Riri sudah menginjakkan kaki ke gerbang sekolah berarti tinggal satu kotak kue lagi. Riri menyapa satpam sekolah dan berjalan ke kantinn sekolah. Peluh menghiasi dahi  Riri. Itulah yang membuat wajah Riri tidak pernah bersinar, namun wajahnya masih ceria karena semangatnya yang luar biasa.
“Bu yem ini titipan ibu. Itung dulu?”. “Yaelah pake dihitung segala neng. Ibu percaya kok.”. “Jangan gitu Bu, di biasakan takutnya ibu saya juga salah. Biar sama-sama enak gitu.”. “Udah pas kok neng, ntar Ibu tungguin. Pulangnya jangan lupa lagi keranjangnya kayak kemarin. Masih muda udah lupaan.”. “Habis kalo pegang uang bawaannya lupa melulu. Aku masuk kelas dulu ya bu.” . Sebelum meninggalkan kantin itu ada suara ribut-ribut. Karena penasaran Riri tidak meninggalkan kantin dan sedikit mencari tahu siapa yang ribu-ribut di kantin itu.
“Siapa sih bu kok pagi-pagi gini udah ribut?”. “Alah palingan juga si Dimas Rio. Palingan juga mo ribut ama sekolah sebelah. Neng kayak gak tahu aja. Kemarin kan baru ribut.”. “Si ibu nih gaul juga. emang kemarin ada tawuran?”. “Bukan tawuran sih, Cuma ribut-ribut aja.”. “kemarin aku udah pulang sih.”. “Udah Neng masuk sekolah sana, tuh udah di tungguin temennya.”
Dari arah parkiran Rama melambai-lambaikan tanggannya. Riri menghampirinya, mereka berdua segera masuk kelas karena sebentar laagi bel berbunyi. Saaa berjalan di koridor sekolah dan melewati mading, Riri berhenti. Mading sangat penuh dengan pengumuman pendaftaran calon OSIS akan dimulai minggu depan. Rama yang melihat Riri diam-diam mengamati. Dia sudah merencanakan mendaftarkan Riri menjadi calon ketua OSIS. Beberapa kali Rama membujuk Riri untuk ikut tapi dia selalu menolak. Riri tiba-tiba saja berjalan dan masuk ke kelas. Di kelas dia hanya melamun, Rama yang melihatnya jadi bertanya-tanya kenapa sahabatnya itu.

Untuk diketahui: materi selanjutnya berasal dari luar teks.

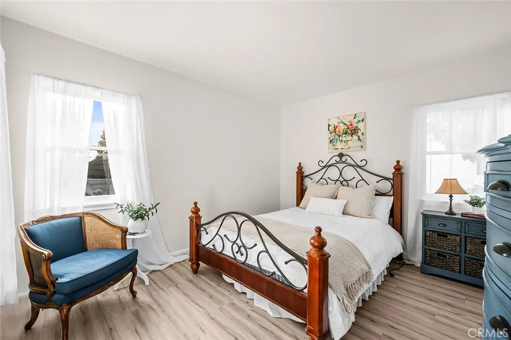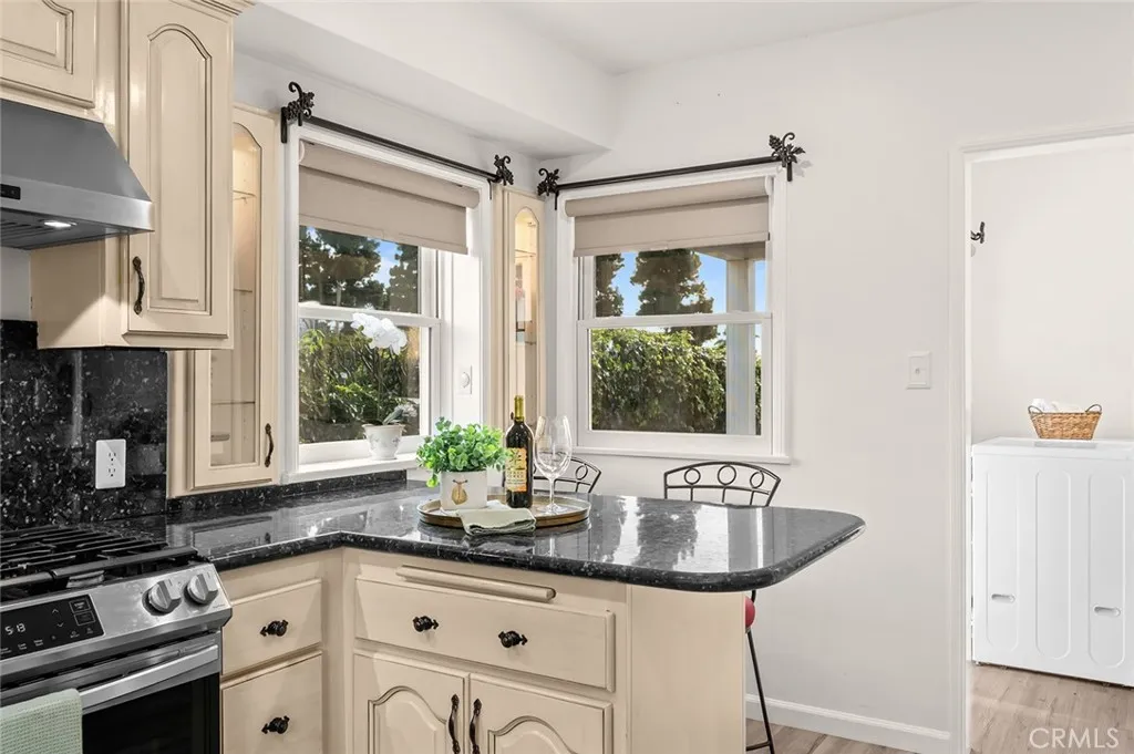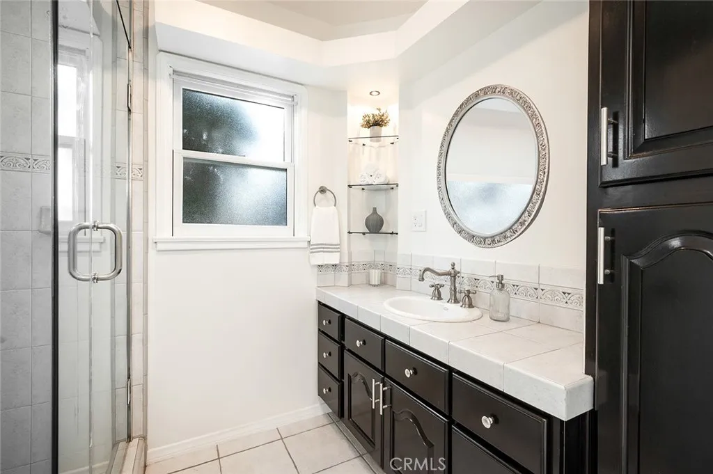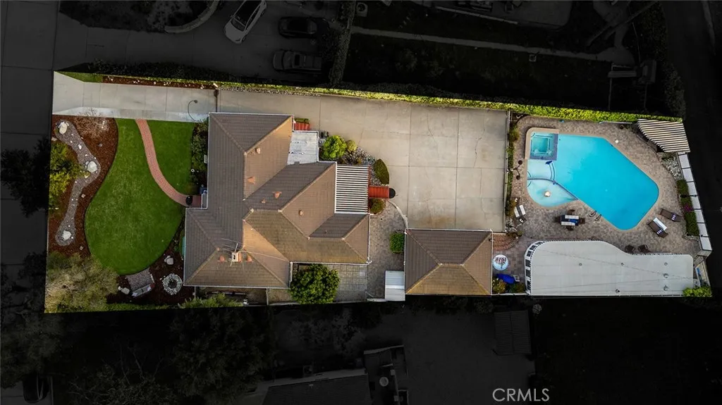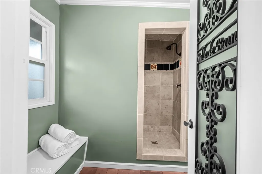 Cherished by the same family for 34 years, this stunning three-bedroom, two-bath residence sits on one of Whittier's most coveted tree-lined streets Cadbury Road where neighbors stay for decades and homes rarely come available. At 1,723 square feet on a lot exceeding 10,000 square feet, this is a property that has been genuinely lived in, celebrated in, and loved. Built in 1940 with fully insulated walls that keep the interior naturally cool and quiet year-round, every window has been replaced and custom blackout shades fitted to each room. The formal living room is anchored by a fireplace with marble surround, flanked by custom built-in bookshelves and a sweeping bay window with built-in seating. The kitchen delivers custom cream cabinetry against polished black granite countertops, and the dining room features elegant wainscoting and built-in glass display shelving. The resort-style backyard is where this property truly sets itself apart. The custom pool features an integrated wading pool with a kids' fountain, and a 12-man spa all surrounded by mature privacy hedging, and an upper entertaining patio shaded by a black and white striped awning with a cast iron bistro set overlooking the pool below. Handcrafted French Quarter iron lamp posts and bougainvillea in full bloom complete a backyard that functions like a private venue. Outdoor furniture included. The crown jewel is the French Quarter-inspired pool house: a fully appointed pavilion with its own kitchenette, full bathroom, additional shower, and dedicated changing room. Sunbrella furnishings convert to a queen-si
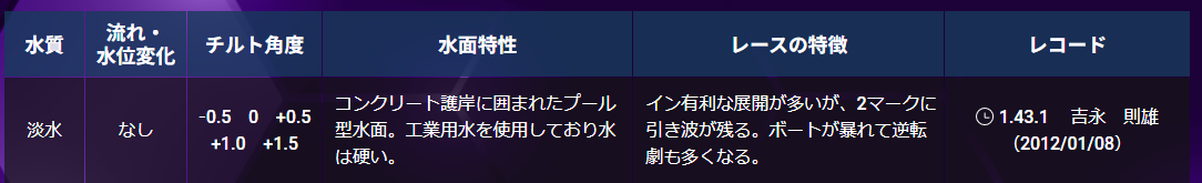 住之江競艇場の特徴と予想攻略法:舟券に活かすコツを徹底解説 目次 住之江競艇場の特徴 1. 水面の特徴と体重差の影響 2. コース設計の特徴 3. ナイターレースの特徴 4. プール水面の特徴 5. 防風壁の役割 予想法&攻略のコツ 1. イン逃げを主体とした展開予測 2. 日没後のレースに勝負する 3. 重量級または軽量級の評価 4. オリジナル展示で適性チェック 5. 地元選手の信頼 住之江競艇場のデータ分析 コース別1着率 コース別決まり手 枠番別コース取得率 三連単の配当分布 住之江競艇場のアクセスと施設情報 アクセス 施設情報 ライブ中継 まとめ あわせて読みたい 競艇のメッカとして知られる「住之江競艇場」。最高グレードである「SG競争」や、それに次ぐグレードである「G1」が数多く開催され、常に全国の競艇ファンが集うナイター場です。本記事では、住之江競艇場の特徴から勝てる予想法まで、勝つために欠かせない知識を共有します。初心者の方でも理解しやすいように解説していくので、ぜひ最後までお付き合いください。 住之江競艇場の特徴 1. 水面の特徴と体重差の影響 住之江競艇場の水質は「淡水」です。塩分濃度が濃い海水と違い浮力が低いため、重量級の選手は沈みやすくなります。そのため、ヘビー級の選手には不利に働くことが多いでしょう。ちなみに、男女別の「平均体重」は、男子54kg・女子47.9kgです。この数値を基準として比較してください。住之江では軽量級の選手が有利となり、平均より重たい選手は評価を下げるのがベターです。 2. コース設計の特徴 住之江競艇場のスタートラインの幅は51m、1マークとホームストレッチの距離は45mです。全国平均とほぼ同水準ですが、特筆すべきは「振り幅が6mしかない」という点です。この距離は全国の競艇場と比較すると小さい方で、振り幅が小さいほどインコースが有利になります。そのため、住之江のコースレイアウトはインコース有利と言えるでしょう。 3. ナイターレースの特徴 住之江競艇場はナイターレースが開催されるため、夕方以降のレースが多くなります。モーターの特性上、気温が低くなると回転数が上がりやすくなるため、性能の差が顕著に現れます。特に助走を取れないインコースにとって、加速しやすいのは大きなメリットです。後半レースではイン勝率が上昇するため、日没後のレースではイン逃げを狙うのがおすすめです。 4. プール水面の特徴 住之江競艇場は他の水面と接していないため、波のないプール水面(静水面)です。海水面で生じるようなうねりや干満差がないため、走りやすくスピード感のある迫力満点なレースを楽しめます。 5. 防風壁の役割 長く横に伸びるスタンド席と大型の電光掲示板が防風壁の役割を果たしており、競争水面に吹いてくる横風を最小限に食い止めています。台風などが近づいている時は強風になることも稀にありますが、基本的に無風または弱風のレースがほとんどです。 予想法&攻略のコツ 1. イン逃げを主体とした展開予測 住之江競艇場では、1コースを主軸とした買い方がベストです。相手は2,3コースを軸に広く流しておけば、ヒモ抜けを回避できます。特に4コースにスタート巧者や格上選手がいる場合は、評価を一段階上げた予想が求められます。また、5コースの連対率もそこそこ高いため、軽視しすぎず舟券を組み立てるようにしましょう。 2. 日没後のレースに勝負する モーター性能が向上する日没後のレースは、1コースの勝率が高くなります。太陽が沈むとインが強くなる傾向があるため、日没後のレースでは1コースを軸にした買い方が勝利への近道です。 3. 重量級または軽量級の評価 住之江の水面は淡水のため、重量級の選手は劣勢な戦いを強いられます。体重が重たい選手は淡水に苦手意識が強いと言われているため、評価を下げるのが無難です。 4. オリジナル展示で適性チェック 住之江の予想には「オリジナル展示データ」が欠かせません。公式サイト内の「直前情報・予想」ページで確認できます。特に「まわり足」のタイムを重要視しましょう。まわり足が速いほど乗り心地が良く、水面との適性が合っていると評価できます。 5. 地元選手の信頼 操縦しやすい海水よりも淡水の住之江競艇場では、地元大阪支部の選手が有利です。地元選手はスタートの感覚や旋回時のタイミングなどを熟知しているため、予想に活かすのがおすすめです。 住之江競艇場のデータ分析 コース別1着率 住之江競艇場の1コース1着率は全国平均の55%を上回る63%です。他のコースの1着率は2コース13.2%、3コース11.6%、4コース8.3%、5コース3.6%、6コース1.4%となっています。基本的には1コースの1着を狙うのが有利です。 コース別決まり手 住之江競艇場の決まり手には「まくり・まくり差し」が強い傾向があります。特に3コースと4コースのまくり率が高いため、これらのコースからの攻めを予測して舟券を組み立てるのが効果的です。 枠番別コース取得率 住之江競艇場の枠番別コース取得率は全

“Lo kenapa, Ri. Ngelamun aja ntar mati loh.”. “Sejak kapan ngelamun menyebabkan kematian. Yang ada mah Narkoba yang bisa bikin kita mati.”. “Becanda aja kele..eh gimana udah ada ketertarikan belum jadi ketua OSIS?”. “Agh..kenapa ngomongin itu lagi. Bosen tahu!! Sekarang tuh aku lagi mikirin ibu gue.”. “Ibu lo cantik kok keriputnya belim banyak yang keluar lagi.”. “Ah..ngaco nih. Gue pingin Ibu gak capek-capek kerja. Lo sih enak bolap masih ada, lumayan kaya lagi.”. “Enak kata lo. Lo belum aja ngerasain jadi gue. kesepian tahu di rumah gede sendirian. Mama sibuk Papa arisan..eh kebalik.”. “Lo ini gak pernah serius deh. Makanya jarang ada cewe yang mau ama lo.”. “Sembarangan aja lo. Sebenernya banyak lagi yang mau ama gue, tapi bukan karena gue, harta gue..”. “Pede amat lo. Yang kaya kan bonyok lo. Lo mah aslinya kere.”. “Bener juga ya. Eh gue punya ide bagus. Gimana kalo ibu lo kita cariin Papa baru.”. “Boljug tuh ide lo. Tapi gue bantuin ya.”. “Apa sih yang gak buat lo.”